§ **Task requirements**
Lines from the one containing "直接測るのは難しいので、商品" to the end of the records, both ends included and exactly as written, are the whole answer, and no pictures go in it.

§ **Stored entries**
>>>
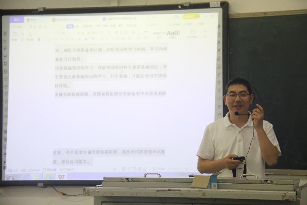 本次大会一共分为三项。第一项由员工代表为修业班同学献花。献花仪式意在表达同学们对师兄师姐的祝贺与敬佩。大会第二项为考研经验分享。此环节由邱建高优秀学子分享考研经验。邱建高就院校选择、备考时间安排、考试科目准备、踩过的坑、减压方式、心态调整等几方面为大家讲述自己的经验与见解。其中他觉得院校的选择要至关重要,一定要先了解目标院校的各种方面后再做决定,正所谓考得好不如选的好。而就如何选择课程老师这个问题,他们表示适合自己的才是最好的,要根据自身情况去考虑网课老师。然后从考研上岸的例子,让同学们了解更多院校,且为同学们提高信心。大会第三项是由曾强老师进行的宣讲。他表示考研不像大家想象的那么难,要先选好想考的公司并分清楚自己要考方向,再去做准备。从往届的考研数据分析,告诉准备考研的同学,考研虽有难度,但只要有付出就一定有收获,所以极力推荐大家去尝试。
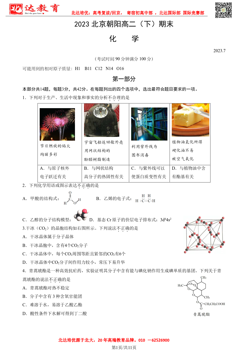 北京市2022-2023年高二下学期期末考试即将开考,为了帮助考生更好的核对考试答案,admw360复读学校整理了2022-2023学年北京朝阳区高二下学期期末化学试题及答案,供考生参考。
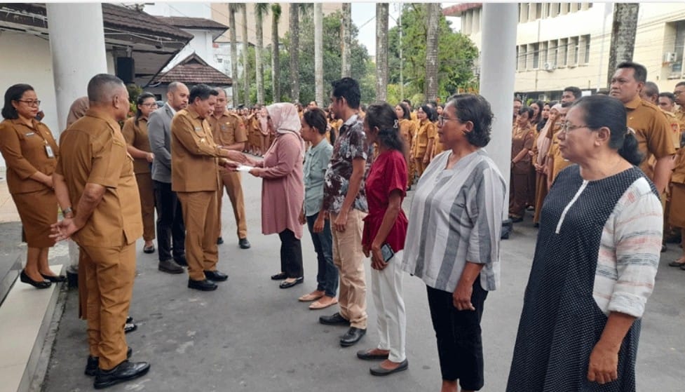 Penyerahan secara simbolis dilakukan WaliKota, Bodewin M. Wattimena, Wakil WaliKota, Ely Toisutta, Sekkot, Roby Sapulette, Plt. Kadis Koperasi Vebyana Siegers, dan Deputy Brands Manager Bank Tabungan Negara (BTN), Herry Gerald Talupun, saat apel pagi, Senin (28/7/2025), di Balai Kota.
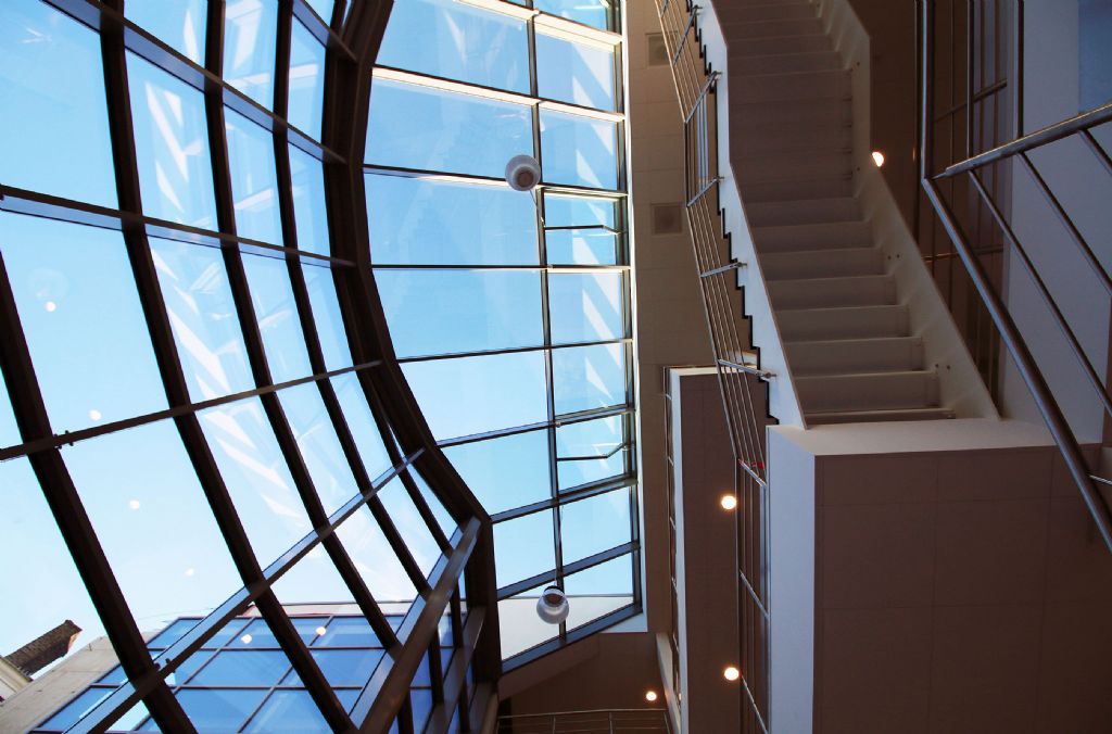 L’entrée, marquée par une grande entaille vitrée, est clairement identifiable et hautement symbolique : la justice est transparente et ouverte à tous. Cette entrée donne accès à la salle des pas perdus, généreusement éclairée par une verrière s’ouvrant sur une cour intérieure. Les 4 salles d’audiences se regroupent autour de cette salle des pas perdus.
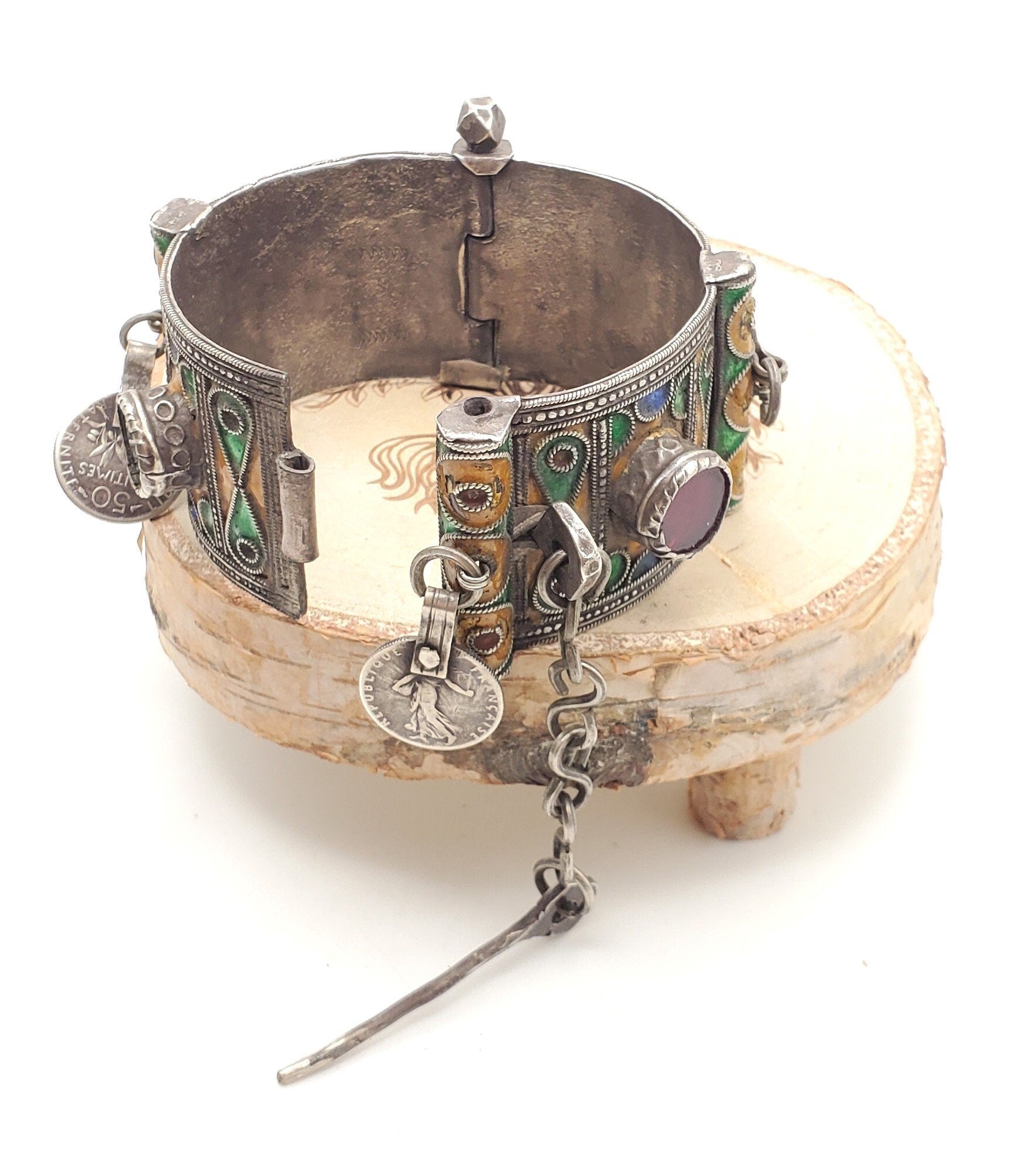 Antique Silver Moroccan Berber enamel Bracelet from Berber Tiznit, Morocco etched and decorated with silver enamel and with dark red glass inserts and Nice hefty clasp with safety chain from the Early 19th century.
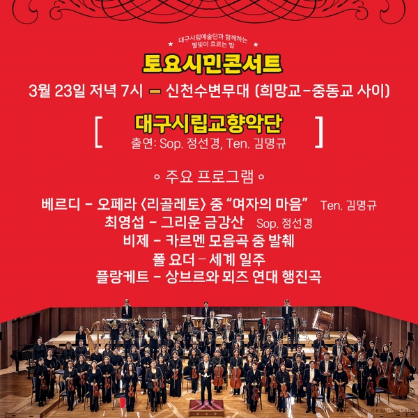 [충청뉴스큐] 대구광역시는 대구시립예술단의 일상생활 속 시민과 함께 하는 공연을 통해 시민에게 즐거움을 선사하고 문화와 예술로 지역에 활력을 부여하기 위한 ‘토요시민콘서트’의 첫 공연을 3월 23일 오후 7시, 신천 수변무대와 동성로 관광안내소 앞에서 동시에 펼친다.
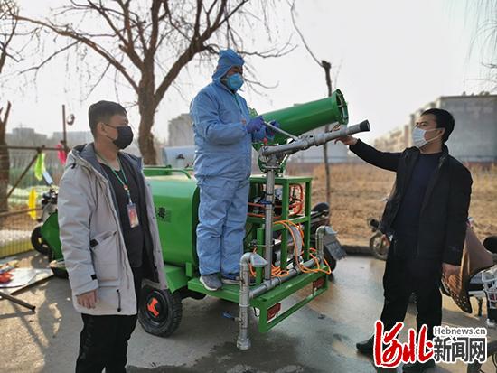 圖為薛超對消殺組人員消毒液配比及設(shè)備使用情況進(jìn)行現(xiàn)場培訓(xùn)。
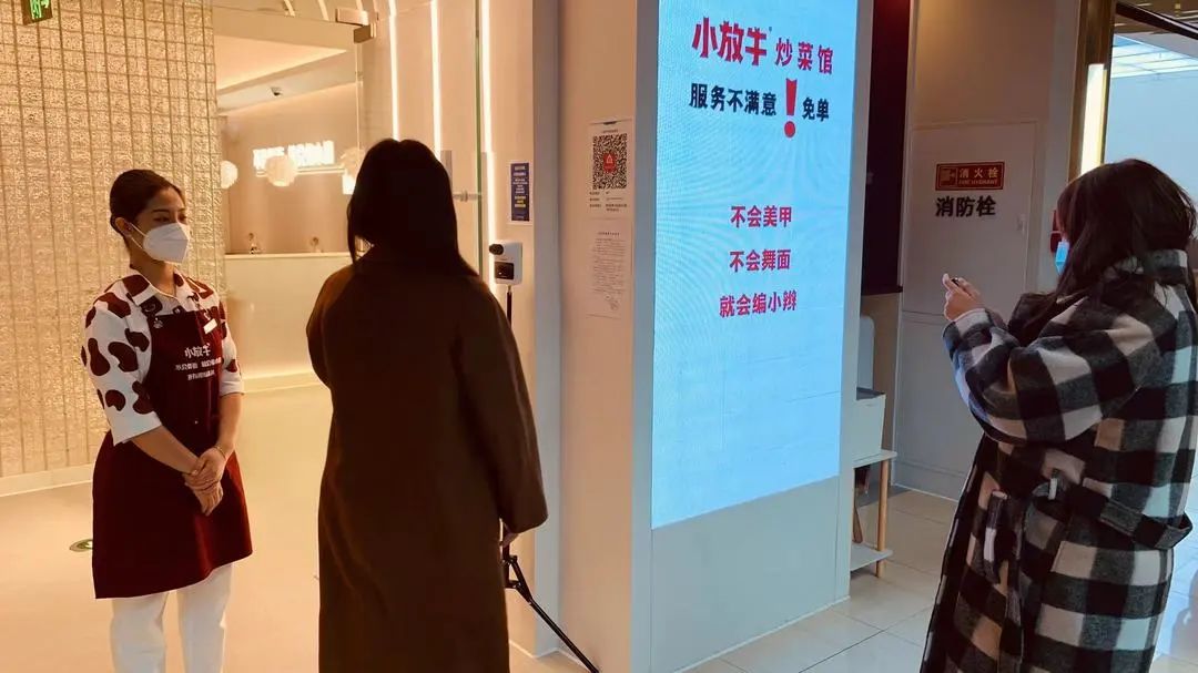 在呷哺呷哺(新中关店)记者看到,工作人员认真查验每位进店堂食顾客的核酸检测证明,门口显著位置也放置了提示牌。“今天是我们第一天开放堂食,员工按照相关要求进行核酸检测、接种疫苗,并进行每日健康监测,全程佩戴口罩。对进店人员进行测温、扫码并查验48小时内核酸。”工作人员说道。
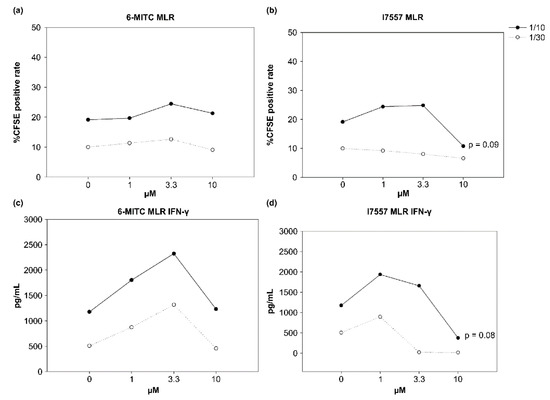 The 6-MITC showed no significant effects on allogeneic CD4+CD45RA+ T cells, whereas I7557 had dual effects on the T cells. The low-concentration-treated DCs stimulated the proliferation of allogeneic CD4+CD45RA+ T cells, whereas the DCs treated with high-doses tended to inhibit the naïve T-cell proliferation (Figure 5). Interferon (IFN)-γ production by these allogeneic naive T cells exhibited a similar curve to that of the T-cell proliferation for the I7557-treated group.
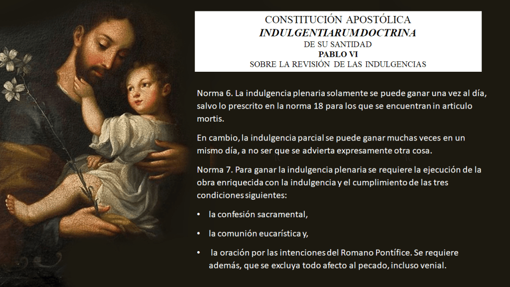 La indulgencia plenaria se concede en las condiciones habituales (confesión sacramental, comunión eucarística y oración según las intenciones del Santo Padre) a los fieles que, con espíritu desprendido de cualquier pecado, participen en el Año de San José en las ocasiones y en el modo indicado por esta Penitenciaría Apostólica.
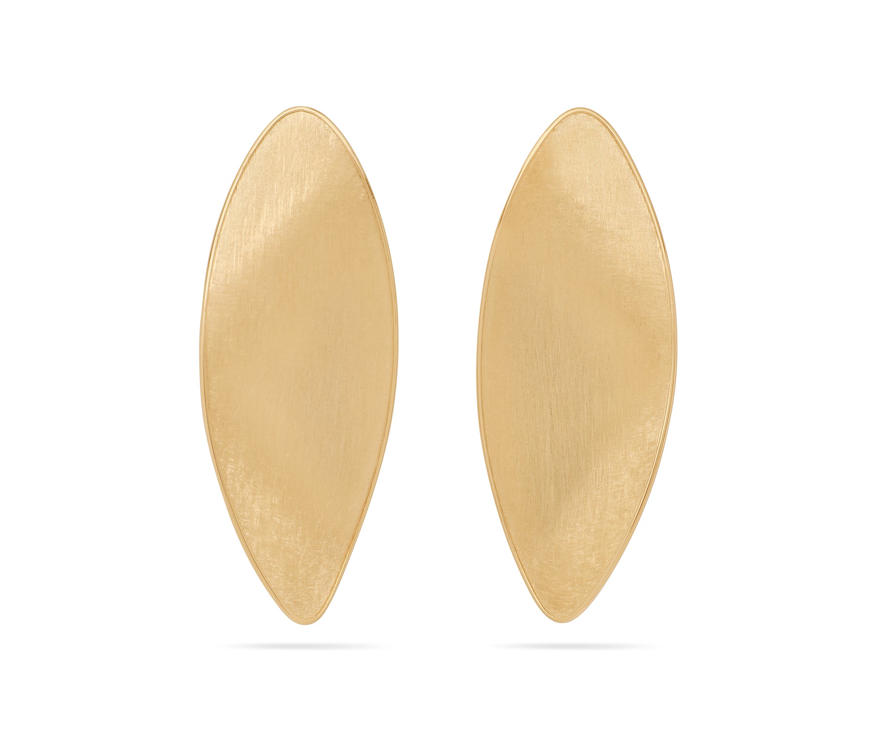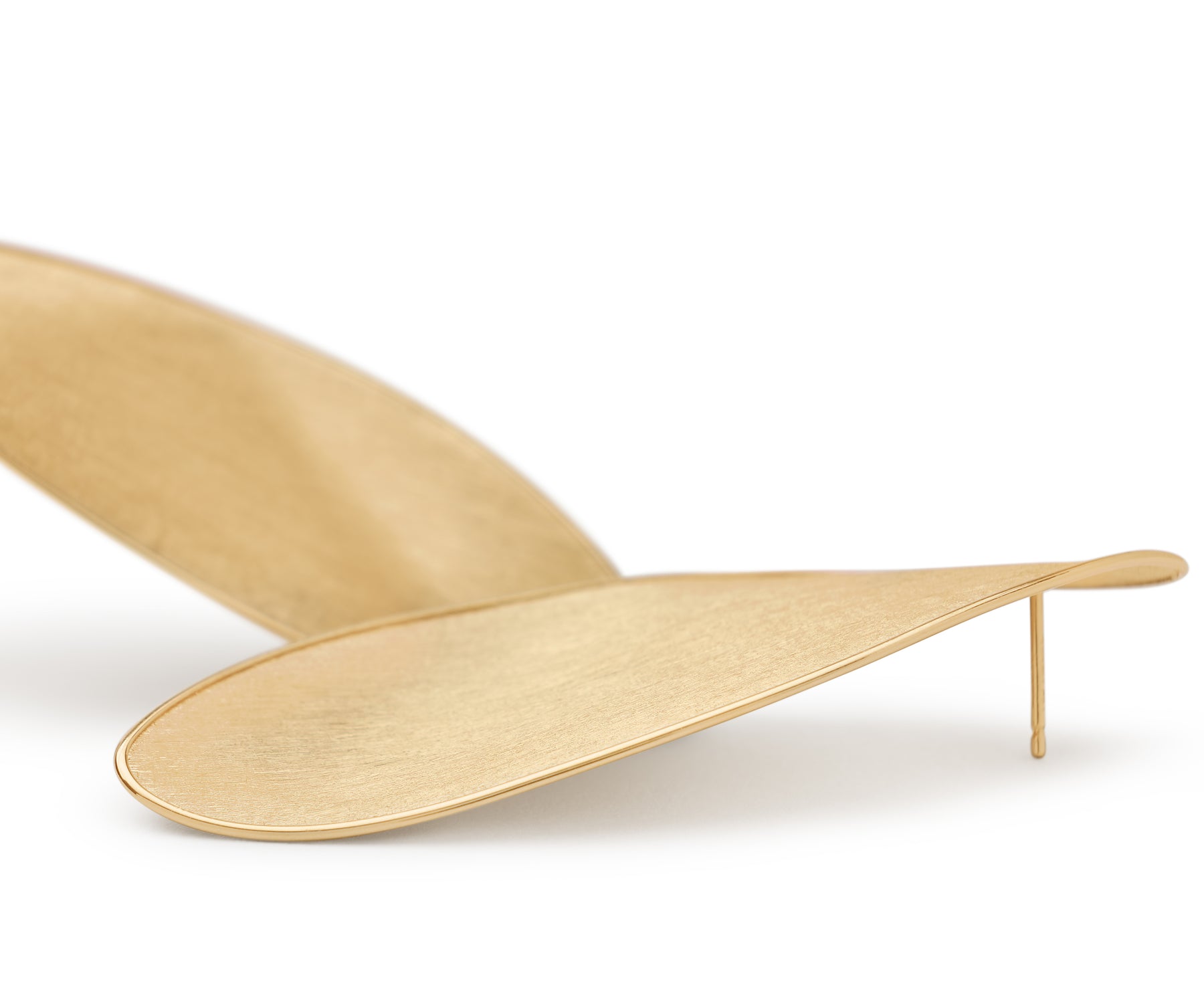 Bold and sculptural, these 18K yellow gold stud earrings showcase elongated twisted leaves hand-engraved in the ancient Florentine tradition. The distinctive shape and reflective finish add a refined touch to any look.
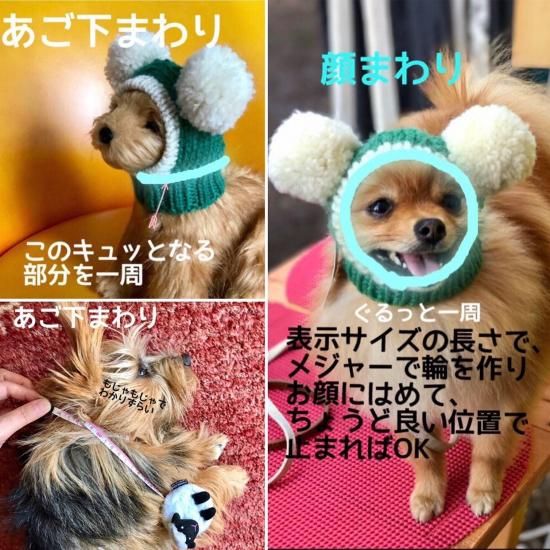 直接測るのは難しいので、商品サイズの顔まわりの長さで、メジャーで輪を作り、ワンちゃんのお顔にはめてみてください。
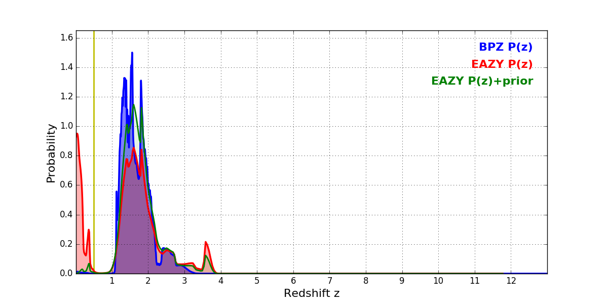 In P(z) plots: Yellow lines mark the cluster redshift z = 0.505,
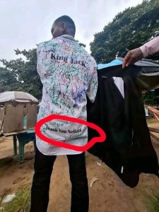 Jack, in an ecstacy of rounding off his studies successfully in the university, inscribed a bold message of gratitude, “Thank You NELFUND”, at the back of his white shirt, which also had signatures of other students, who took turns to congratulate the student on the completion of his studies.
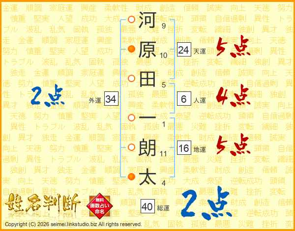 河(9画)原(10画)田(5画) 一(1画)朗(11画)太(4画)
<<<
§ **Output below**
 直接測るのは難しいので、商品サイズの顔まわりの長さで、メジャーで輪を作り、ワンちゃんのお顔にはめてみてください。
 In P(z) plots: Yellow lines mark the cluster redshift z = 0.505,
 Jack, in an ecstacy of rounding off his studies successfully in the university, inscribed a bold message of gratitude, “Thank You NELFUND”, at the back of his white shirt, which also had signatures of other students, who took turns to congratulate the student on the completion of his studies.
 河(9画)原(10画)田(5画) 一(1画)朗(11画)太(4画)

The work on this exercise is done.